What is the quickest method of finding the inverse laplace transform of $ 7e^{-6}/(s^2+6)^4 $

Question

Solving for a differential equation, I found this which I need to obtain the inverse laplace of. What method should I use to solve this as quick as possible?
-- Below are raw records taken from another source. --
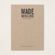 Carte d'affichage rustique kraft avec les mots "Fabriqué avec amour" en caractères gras et un script élégant pour votre nom ou nom de magasin en gris foncé est parfait pour les bijoux faits main ou vintages. Vous pouvez déplacer le calque "Guide des trous" vers le haut ou vers le bas selon vos besoins ou le supprimer. Personnalisez-le en remplaçant le texte de l'espace réservé. Pour plus d'options comme changer la police, sa taille et l'espacement entre les lettres cliquez sur le bouton "Personnaliser". *Veuillez noter que le filigrane Zazzle qui apparaît dans l'aperçu du zoom n'apparaîtra PAS sur le produit imprimé final. © Bois de rose et agrumes
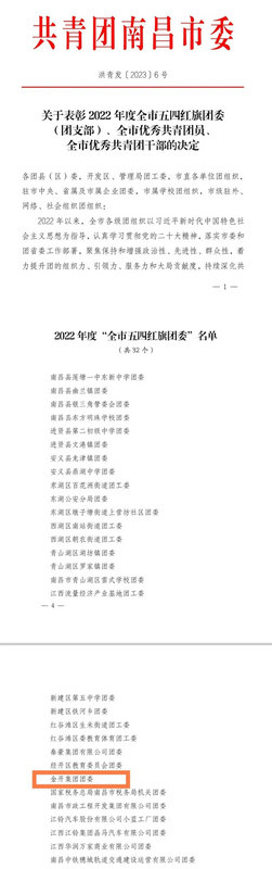 “五四”前夕,共青团南昌市委下发了《关于表彰2022年度全市五四红旗团委(团支部)、全市优秀共青团干部、全市优秀共青团员的决定》。集团团委喜获2022年度“全市五四红旗团委”荣誉称号。
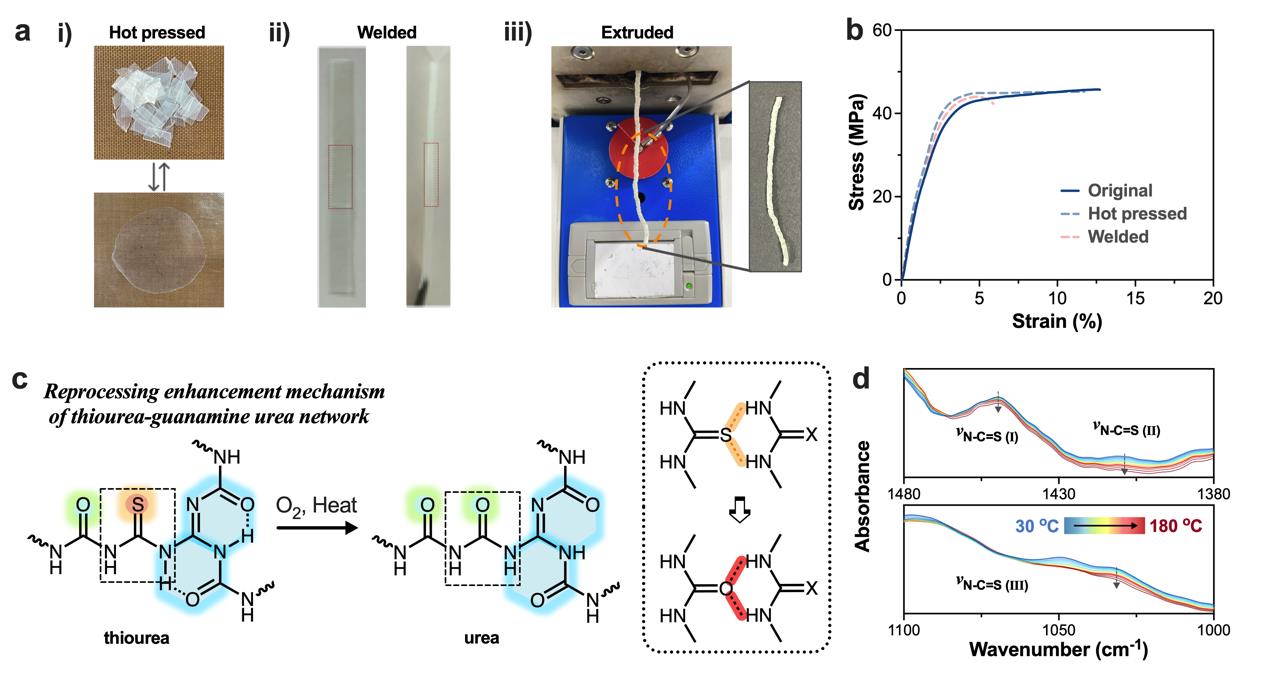 圖3. 胍硫脲雙解離網絡的多種加工方式以及加工前后力學性能比較

Partial fractions and convolution seem to both take quite a long time.

Answer 1

You could start with a few derivatives: $$\frac d{ds}\frac1{s^2+6}=-\frac{2s}{(s^2+6)^2}$$ $$\frac{d^2}{ds^2}\frac1{s^2+6}=\frac6{(s^2+6)^2}-\frac{48}{(s^2+6)^3}$$ $$\frac d{ds}\frac s{s^2+6}=-\frac1{s^2+6}+\frac{12}{(s^2+6)^2}$$ $$\frac{d^2}{ds^2}\frac s{s^2+6}=\frac{2s}{(s^2+6)^2}-\frac{48s}{(s^2+6)^3}$$ $$\begin{align}\frac{d^3}{ds^3}\frac s{s^2+6}&=-\frac{1728}{(s^2+6)^4}+\frac{288}{(s^2+6)^3}-\frac6{(s^2+6)^2}\\ &=-\frac{1728}{(s^2+6)^4}-6\frac{d^2}{ds^2}\frac1{s^2+6}+\frac{30}{(s^2+6)^2}\\ &=-\frac{1728}{(s^2+6)^4}-6\frac{d^2}{ds^2}\frac1{s^2+6}+\frac52\frac d{ds}\frac s{s^2+6}+\frac52\frac1{s^2+6}\end{align}$$ Or $$\frac{7e^{-6}}{(s^2+6)^4}=-\frac{7e^{-6}}{1728}\left\{\frac{d^3}{ds^3}\frac s{s^2+6}+6\frac{d^2}{ds^2}\frac1{s^2+6}-\frac52\frac d{ds}\frac s{s^2+6}-\frac52\frac1{s^2+6}\right\}$$ Now we can find $$f(t)=-\frac{7e^{-6}}{1728}\left\{-t^3\cos(\sqrt6t)+\sqrt6t^2\sin(\sqrt6t)+\frac52\cos(\sqrt6t)-\frac{5\sqrt6}{12}\sin(\sqrt6t)\right\}$$ Just look at the method; don't trust the arithmetic.

EDIT: As one might have suspected, there were arithmetic mistakes. After correction, my results now agree with Wolfram|Alpha.